[PATCH 3/3] Open files only once

Tue Jul 15 00:55:50 UTC 2008

Comments:

On Mon, Jul 14, 2008 at 4:05 PM, Michael Hanselmann <public at hansmi.ch>
wrote:

> - Reduced I/O load by only reading its content only once
> - Easier error handling (before a file could disappear between two
>  calls to open())
> ---
>  lib/Brackup/File.pm            |   92
> +++++++++++++++++++++-------------------
>  lib/Brackup/PositionedChunk.pm |   47 ++-------------------
>  2 files changed, 52 insertions(+), 87 deletions(-)
>
> diff --git a/lib/Brackup/File.pm b/lib/Brackup/File.pm
> index 827eff1..f24907c 100644
> --- a/lib/Brackup/File.pm
> +++ b/lib/Brackup/File.pm
> @@ -30,6 +30,8 @@ sub new {
>     die "No path provided." unless $self->{path};
>     $self->{path} =~ s!^\./!!;
>
> +    $self->_read_file();

I prefer style of no parens on nullary method call.

>
> +
>     return $self;
>  }
>
> @@ -119,18 +121,22 @@ sub find_file_chunker {
>
>  sub chunks {
>     my $self = shift;
> -    # memoized:
> -    return @{ $self->{chunks} } if $self->{chunks};
> +    return @{$self->{chunks}};
> +}
> +
> +sub _read_file {
> +    our ($self) = @_;

Wrong use of our here.  You want my.

>     # non-files don't have chunks
> -    if (!$self->is_file) {
> +    unless ($self->is_file) {

I love unless, but I prefer to use it only for exceptional cases, or when it
just reads better.  (the word "unless" itself reads like an exceptional
case)  I'd keep this with "if not".  "If it's not a file" is a common case.
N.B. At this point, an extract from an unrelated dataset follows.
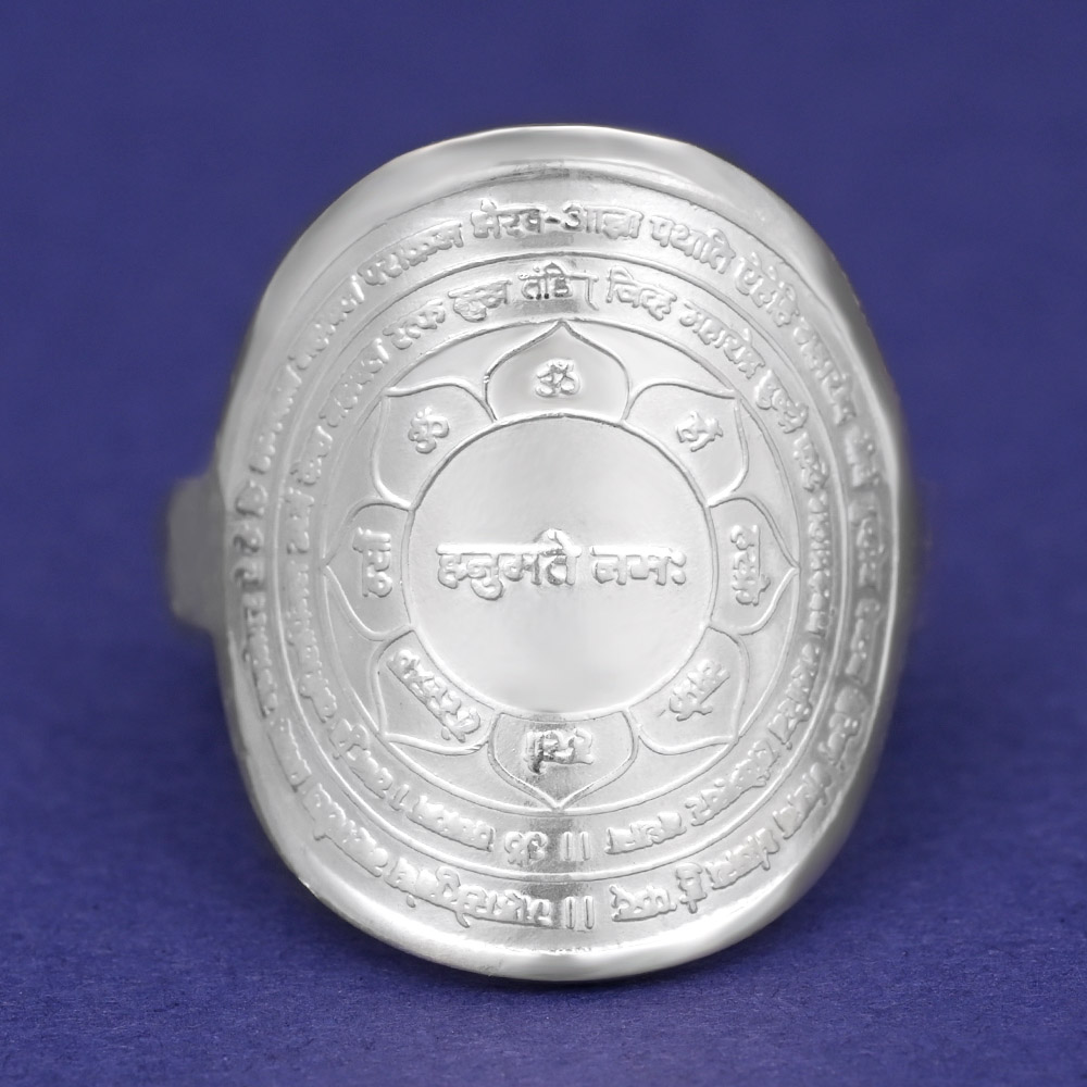 Vivid Panchmukhi Hanuman Yantra Ring in Silver meticulously crafted in sterling silver, this ring beautifully displays the revered yantra, which is a potent symbol believed to invoke the blessings of Bhagawan Hanuman. This Yantra ring has the Panchmukhi Hanuman Yantra on top and an image of the five-headed and five-armed Panchmukhi Hanuman on the inside. This yantra grants its bearer courage, fearlessness, and divine protection. It repels negativity, obstacles, and malefic influences, creating a harmonious and auspicious atmosphere. Moreover, it is renowned for augmenting both physical and mental expertise, cultivating persistent dedication, and offering guidance towards the righteous path.

        $self->{chunks} = [];
> -        return ();
> +        return;
>     }

This function is called in list context.  I like to stay explicit about that
in my return type.  I don't want to rely on implicit casts.

> -    # Get the appropriate FileChunker for this file type,
> -    # then pass ourselves to it to get our chunks.
> -    my @chunk_list;
> +    my $fullpath = $self->fullpath;
> +    open(my $fh, '<', $fullpath)
> +        or die "Failed to open $fullpath: $!\n";
> +    binmode($fh);
>
>     # Get the appropriate FileChunker for this file type
>     my $chunker = $self->find_file_chunker();
> @@ -139,6 +145,11 @@ sub chunks {
>     my $last_offset = undef;
>     my $last_len = undef;
>
> +    my $sha1_file = new Digest::SHA1;
> +    my $sha1_chunk = new Digest::SHA1;
> +
> +    my @chunks;
> +
>     $chunker->get_offsets($self, sub {
>         my ($offset, $len) = @_;
>
> @@ -164,10 +175,31 @@ sub chunks {
>             die "Chunker didn't start at offset 0";
>         }
>
> -        push @chunk_list, new Brackup::PositionedChunk(

Brackup::PositionedChunk->new

>
> +        # Optimize for continous reading
> +        unless (tell($fh) == $offset) {
> +            seek($fh, $offset, 0) or die "Couldn't seek: $!\n";
> +        }
> +
> +        my $data;
> +        my $rv = read($fh, $data, $len) or die "Failed to read: $!\n";
> +        unless ($rv == $len) {
> +            Carp::confess("Read $rv bytes, not $len");
> +        }
> +
> +        # Update digest for complete file
> +        $sha1_file->add($data);
> +
> +        # Generate chunk digest
> +        $sha1_chunk->reset();

->reset;

>
> +        $sha1_chunk->add($data);
> +        my $chunk_digest = 'sha1:' . $sha1_chunk->hexdigest();

->hexdigest;

>
> +
> +        push @chunks, new Brackup::PositionedChunk(
>             file => $self,
>             offset => $offset,
>             length => $len,
> +            chunkref => \$data,
> +            digest => $chunk_digest,
>         );

Uh, you do this unconditionally?  Not dependent on the size of the file!?
How am I going to backup a huge file on a low-memory box?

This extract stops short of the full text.